From the material below, copy exactly the lines beginning with the one that contains "9月6日(水)。先生方は、児" and ending with the one that contains "Portrait photograph of"; the pictures stay out.
Segment Start: EXERCISE MATERIAL
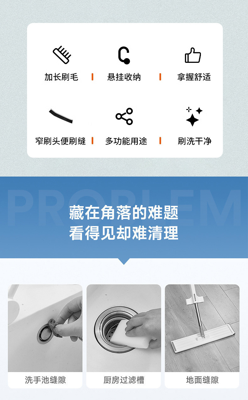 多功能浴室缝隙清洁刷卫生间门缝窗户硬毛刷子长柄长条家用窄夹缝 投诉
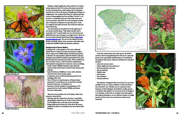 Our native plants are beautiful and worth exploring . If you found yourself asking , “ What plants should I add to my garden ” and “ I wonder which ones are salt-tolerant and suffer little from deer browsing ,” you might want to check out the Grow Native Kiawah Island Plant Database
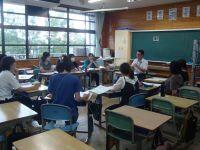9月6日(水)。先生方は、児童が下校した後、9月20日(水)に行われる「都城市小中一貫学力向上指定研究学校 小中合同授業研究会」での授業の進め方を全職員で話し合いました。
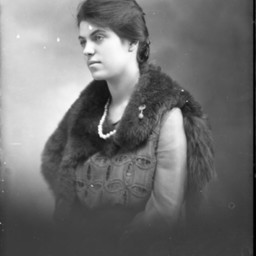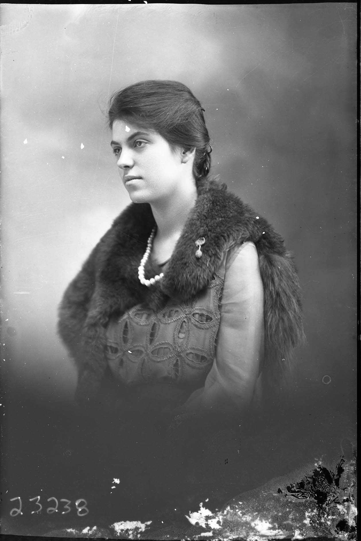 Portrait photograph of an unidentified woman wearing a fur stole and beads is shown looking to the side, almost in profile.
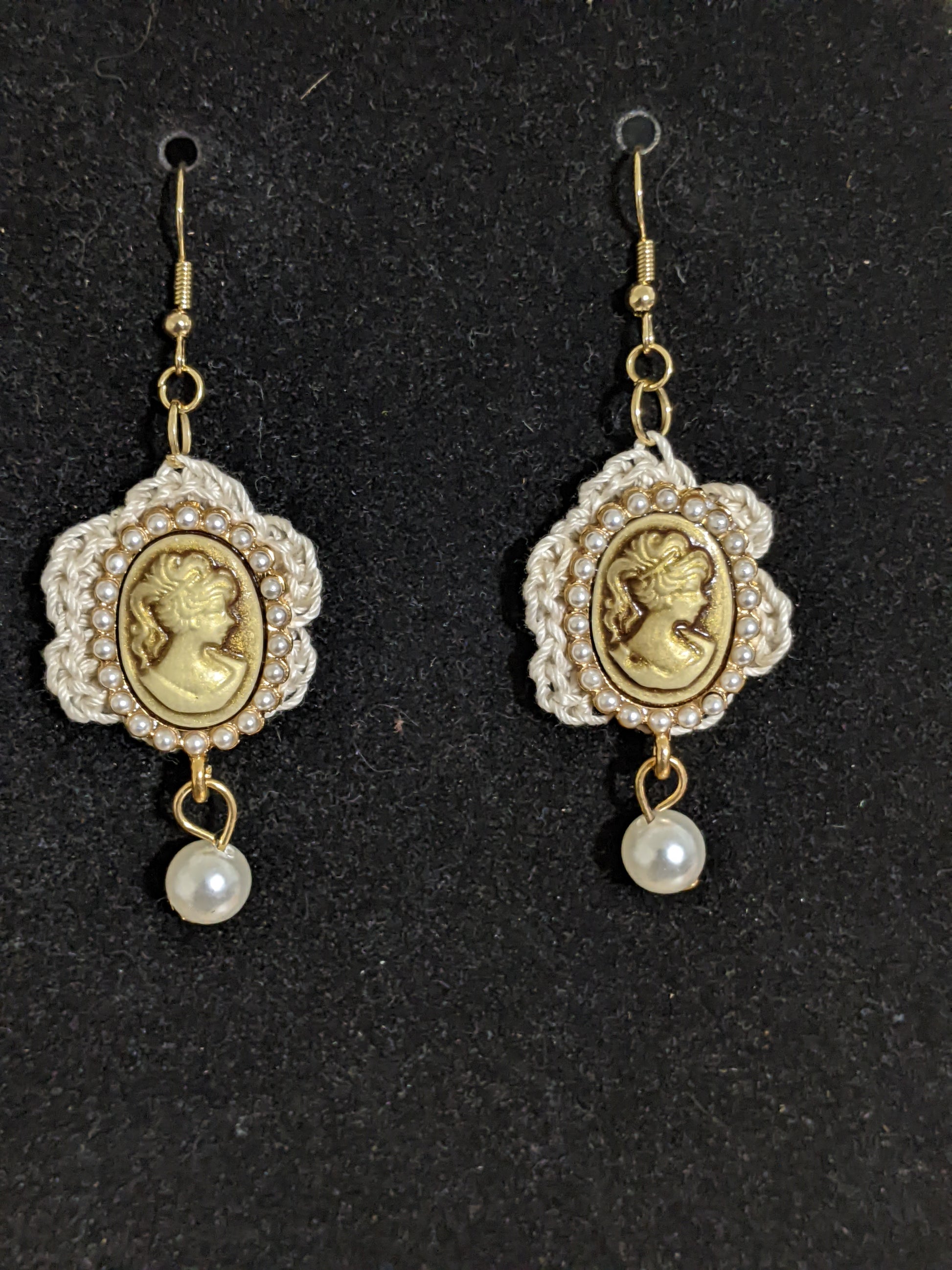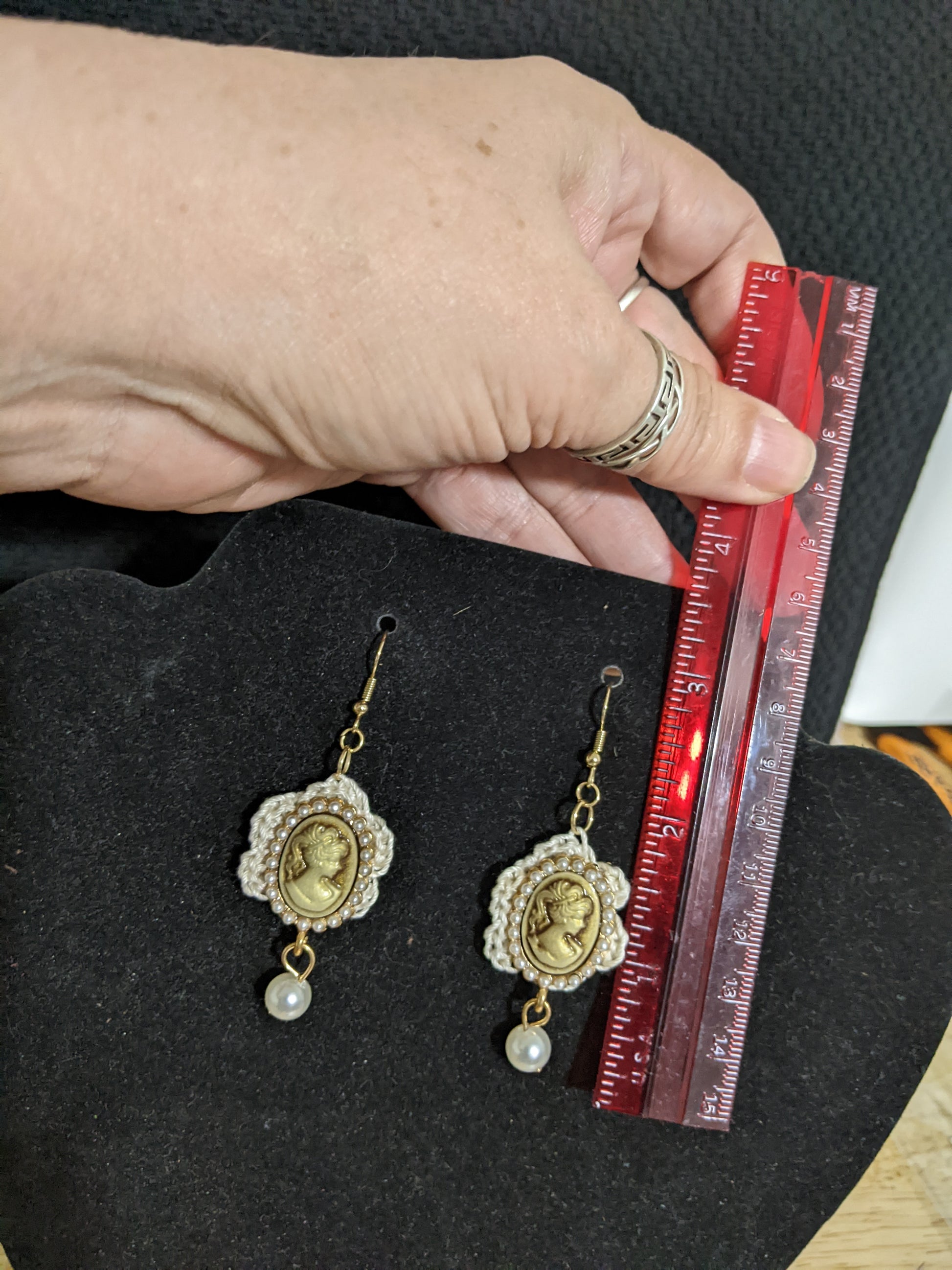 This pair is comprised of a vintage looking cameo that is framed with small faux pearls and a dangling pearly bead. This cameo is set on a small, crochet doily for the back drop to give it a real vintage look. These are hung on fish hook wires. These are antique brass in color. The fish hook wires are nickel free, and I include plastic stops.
Segment End: EXERCISE MATERIAL
TASK SOLUTION:
9月6日(水)。先生方は、児童が下校した後、9月20日(水)に行われる「都城市小中一貫学力向上指定研究学校 小中合同授業研究会」での授業の進め方を全職員で話し合いました。
 Portrait photograph of an unidentified woman wearing a fur stole and beads is shown looking to the side, almost in profile.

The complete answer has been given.